During the presentation of Annette Kelm’s work, the musicians Konrad Sprenger and Phillip Sollmann gave a concert featuring their Modular Organ System at Haus Ludwig in September 2018.
Sprenger and Sollmann developed the system in 2017 while exploring the origins of organ construction and its various historical methods, including the resonance qualities of different pipe forms. Based on organ pipes, the instrument is powered by a central wind machine and controlled via MIDI data (a computer language enabling music instruments, computers, and other hardware to communicate). The traditional materials are augmented by leather, metal, glass, ceramics, and diverse synthetics. The result is a unique and exceptional multiplicity of sounds, noises, interferences, drones, and arpeggios. For the concert in Haus Ludwig the Modular Organ System was set up in several rooms, so that it in practice became a sound installation listeners could walk through.

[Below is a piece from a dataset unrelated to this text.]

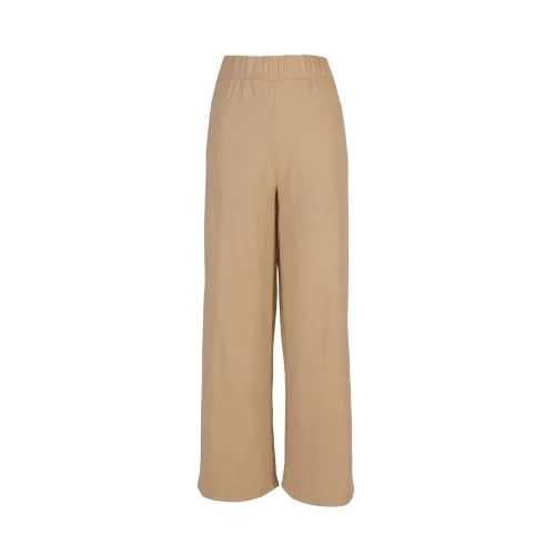 Nar kabuğu ve akasya ile doğal boyanmış boru paça uzun pantolon. Yüksek belli ve lastikli.
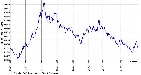 - Natura activitatii si pozitia pe piata. Alro Slatina este singurul producator de aluminiu primar din Romania, cel mai mare producator de Aluminiu din Europa de Est din punct de vedere al capacitatii instalate si al 7 - lea producator din Europa. Principalii concurenti pe piata europeana, acolo unde Alro isi desface produsele cu preponderenta, sunt: Pechiney Franta, Hydro Aluminium Norvegia, VAW Germania, ALCOA SUA, ALCAN Canada, Bratsk Rusia, concurenti nu in domeniul calitatii, domeniu in care Alro are deja un foarte bun renume, ci in acela al pretului de cost pe tona de produs. Calitatea produselor Alro a primit recunoasterea pietei internationale, produsele sale fiind cotate la Bursa de Metale de la Londra (LME). Evolutia descrescatoare a pretului international la aluminiu din ultimii ani poate constitui un dezavantaj pentru activitatea societatii. Astfel, evolutia contractului LME spot pentru aluminiu intre 1 iulie 1993 si 16 iunie 1999 s-a prezentat astfel:

The Ludwig Foundation regularly invites artists to reflect on and interact with the onetime home of Peter and Irene Ludwig. Candida Höfer and Marcel Odenbach are two artists who have already taken up this invitation. The Berlin photo artist Annette Kelm has now spent over a year considering the house and the objects at home there. This invitation resulted in the presentation of her project in House Ludwig. Built in 1953, the residence of the Ludwigs can probably be best described as a total work of art. Not only works of art from a wide range of genres and epochs are at home here, but also – in the form of doors, grates and tiles – spolia were integrated, creating a unique overall work. Annette Kelm has explored, both directly and indirectly, the features, décor and diverse objects by restaging them in her photographs or integrating her own still life photographs into the rooms and spaces. In this way she altered the spatial effects usually generated and completely reinterpreted the rooms in their ornamentation and still life aspects.